If ever the cynic of the game received a very severe blow – in fact, a knock-out blow – surely the footballers have delivered him the goods this season. Professionals have for many years been trying to live down, without squealing, the allegations made against their class, such fault-finding generally resolving itself into this complaint: “The principal footballer is a hired servant. He is a mercenary creature, and will only play for money.” The anti-everything brigade on the showing of Saturday’s match, should hide their heads for their gross slander on the game, its rulers, and the players. I don’t want to see any more League matches for another twenty years if Saturday’s style can be kept up. It was a better game than most cup-ties have been, and there were many incidents to show the side-line of sporting instinct, one case being worth quoting.

A Stockport player had foolishly kicked the ball away after the referee had ordered a free kick. This childish action was silently rebuked by Tommy Waterall, who called for the ball to be returned. Waterall taking the trouble to place the ball in the right place for Ephraim Longworth. Here’s to ‘em!

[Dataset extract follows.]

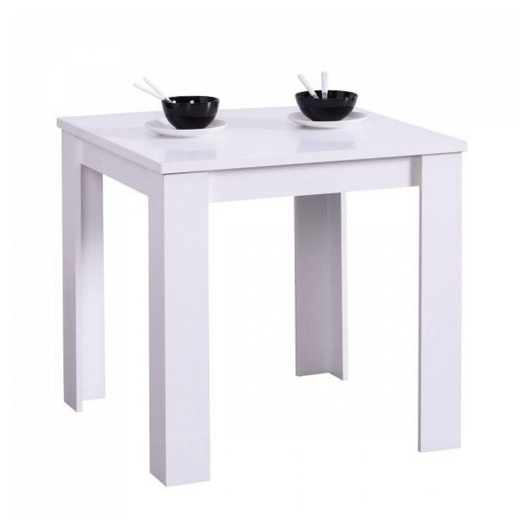 Découvrez notre élégante table à manger de 80x80 cm, parfaite pour les petits espaces. Idéale pour les célibataires et les couples, elle s'intègre harmonieusement dans votre salon ou cuisine grâce à son design intemporel. Sa finition blanche crée une ambiance chaleureuse et accueillante. Conçue pour 2 à 4 personnes, cette table est fabriquée en bois avec une surface en résine de mélamine, résistante aux rayures. Sa structure robuste garantit une stabilité optimale. Dimensions : Longueur 80 cm, Largeur 80 cm, Hauteur 75 cm.

Should a game end without a score it is generally voted dull football. The visit of Stockport will be remembered as a contradiction of the poverty of football in goalless draws. There was a lot of strong resolute back-play, and two escapes for either side. Stockport can rightly claim that their narrow misses of the Liverpool goal were the more patent, but Liverpool can justifiably claim that the County defence was fortunate to escape a penalty kick when Fred Pagnam was pushed off the ball. Stockport’s greatest piece of misfortune came as a point when they had got Liverpool into a tangle, thanks to our forwards failing to combine smoothly. Norman Rodgers and Albert Waterall crashed the ball against the crossbar in succeeding seconds and Kenneth Campbell had no idea where the ball had gone to. This was sheer good luck for Liverpool, who, however, had only their forwards to blame for not winning outright. James Dawson failed, with five corner kicks, to centre reasonably accurately, and there were many times when he dribbled himself into a maze. Further, he centred too low for the ball to be taken by his comrades. George Ritchie, who has yet to find his football form, did not shine, and I thought William Banks below par. Arthur Goddard and Pagnam were quite the best of our line, and it was galling luck for Pagnam to go so near and yet so far from the goal-line. I am pretty confident that the grass growth at Anfield has been kept on too long. The ball has to be pushed hard if it is to travel along the ground, and there is a drag on a low pass that is disconcerting. Goddard’s centring was ideal, and revealed the graceful play of the outside right and his excellence of loft and kick. At half back, Walter Wadsworth got into the wars, but he is plainly still coming on the right way. He is inclined to Harropian heading, and must be careful it does not become a fetish. Charlie Roberts does less heading than most centre half backs. Let Roberts be his ideal. Donald Mackinlay was the best of our half-backs, and there was not a fault to find with the full backs or the goalkeeper. To the latter we extend our sympathy in his loss – he has lost his brother in law (killed at the front) and his younger brother has just been transferred from the front with a bayonet wound in his hand and shrapnel wound into the bargain.